* **Records from a collection**:
____

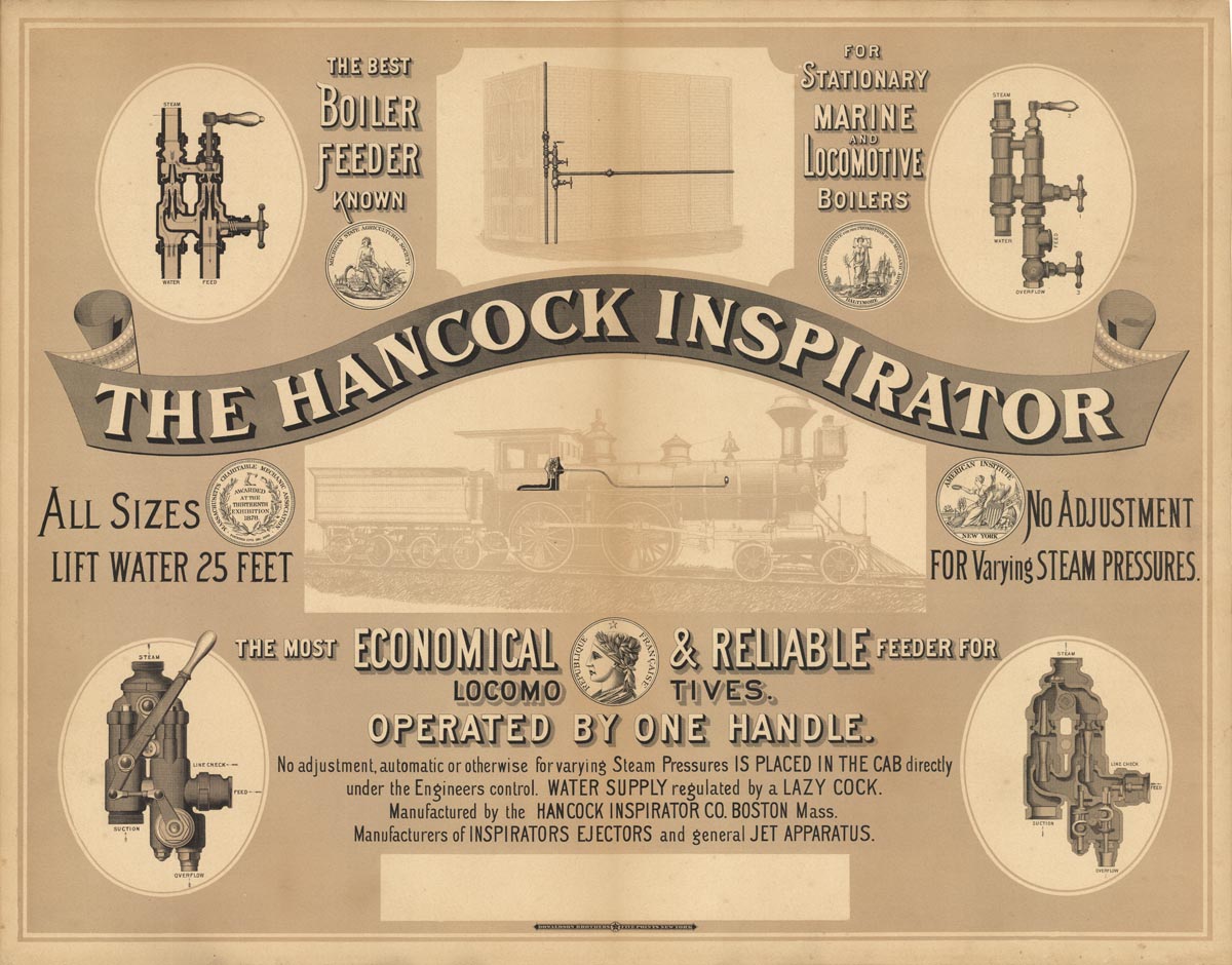 • DESCRIPTION: Additional text reads, "Operated by one handle. No adjustment, automatic or otherwise for varying Steam Pressures IS PLACED IN THE CAB directly under the Engineers control. WATER SUPPLY regulated by a LAZY COCK. Manufactured by the HANCOCK INSPIRATOR CO. BOSTON Mass. Manufacturer of INSPIRATORS EJECTORS and general JET APPARATUS." <br><br> Printed by the Donaldson Brothers. Five Points, New York.
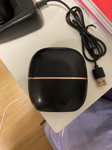 Yes! It comes with a USB charging cable, so you can charge it anywhere — no bulky cords needed.
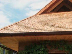 En raison de la grande longueur du surplomb de la toiture dans le style d'un chalet, sous la protection se trouvent la zone aveugle, les murs, le sous-sol. Cette conception fournit une certaine ombre de fenêtres, ce qui peut être utile pour les maisons construites dans des climats chauds. Parfois, ils ont recours à une méthode intéressante: aux endroits du toit situés au-dessus des fenêtres, ils font des lacunes en forme de treillis. Il est semé en été par le tissage des plantes et en hiver, lorsqu'il n'y a pas de floraison, une lumière supplémentaire se forme.
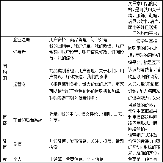 5、通(tong)過學(xue)生(sheng)(sheng)的(de)(de)分組,開展各式各樣(yang)的(de)(de)網(wang)(wang)絡(luo)營(ying)(ying)銷活(huo)動的(de)(de)流程(cheng),體會不同層次的(de)(de)網(wang)(wang)絡(luo)營(ying)(ying)銷給企業帶(dai)來的(de)(de)機(ji)遇。而普通(tong)消費者(zhe)也可(ke)以(yi)通(tong)過進(jin)入(ru)網(wang)(wang)絡(luo)環境(jing),訪(fang)問上述網(wang)(wang)站,使用個人郵件服(fu)務等感(gan)受到企業網(wang)(wang)絡(luo)營(ying)(ying)銷的(de)(de)影響力(li)。學(xue)生(sheng)(sheng)通(tong)過親身操作軟件,可(ke)以(yi)體會到網(wang)(wang)絡(luo)營(ying)(ying)銷與傳(chuan)統(tong)營(ying)(ying)銷的(de)(de)區別與聯系,了解(jie)各種網(wang)(wang)絡(luo)營(ying)(ying)銷策略以(yi)及如(ru)何具體實施(shi)。
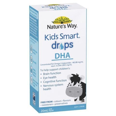 Nature's Way Kids Smart Drops DHA giúp hỗ trợ chức năng não bộ, sức khỏe mắt, chức năng nhận thức và sức khỏe hệ thần kinh của trẻ em.
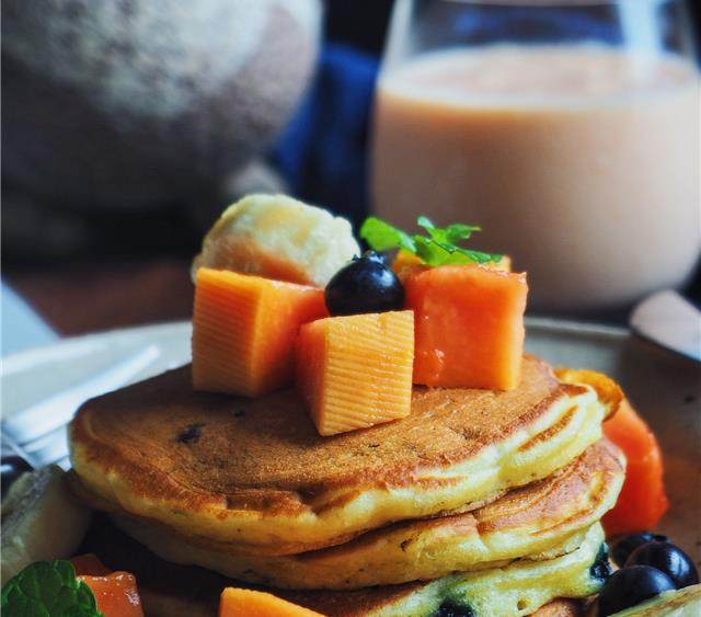 爆浆蓝莓酸奶松饼

____

* **Task requirements**: Using the records above, print exactly the lines between the ones containing "En raison de" and "5、通(tong)過學(xu", inclusive, and nothing else; no pictures.

* **Output of the exercise**:
 En raison de la grande longueur du surplomb de la toiture dans le style d'un chalet, sous la protection se trouvent la zone aveugle, les murs, le sous-sol. Cette conception fournit une certaine ombre de fenêtres, ce qui peut être utile pour les maisons construites dans des climats chauds. Parfois, ils ont recours à une méthode intéressante: aux endroits du toit situés au-dessus des fenêtres, ils font des lacunes en forme de treillis. Il est semé en été par le tissage des plantes et en hiver, lorsqu'il n'y a pas de floraison, une lumière supplémentaire se forme.
 5、通(tong)過學(xue)生(sheng)(sheng)的(de)(de)分組,開展各式各樣(yang)的(de)(de)網(wang)(wang)絡(luo)營(ying)(ying)銷活(huo)動的(de)(de)流程(cheng),體會不同層次的(de)(de)網(wang)(wang)絡(luo)營(ying)(ying)銷給企業帶(dai)來的(de)(de)機(ji)遇。而普通(tong)消費者(zhe)也可(ke)以(yi)通(tong)過進(jin)入(ru)網(wang)(wang)絡(luo)環境(jing),訪(fang)問上述網(wang)(wang)站,使用個人郵件服(fu)務等感(gan)受到企業網(wang)(wang)絡(luo)營(ying)(ying)銷的(de)(de)影響力(li)。學(xue)生(sheng)(sheng)通(tong)過親身操作軟件,可(ke)以(yi)體會到網(wang)(wang)絡(luo)營(ying)(ying)銷與傳(chuan)統(tong)營(ying)(ying)銷的(de)(de)區別與聯系,了解(jie)各種網(wang)(wang)絡(luo)營(ying)(ying)銷策略以(yi)及如(ru)何具體實施(shi)。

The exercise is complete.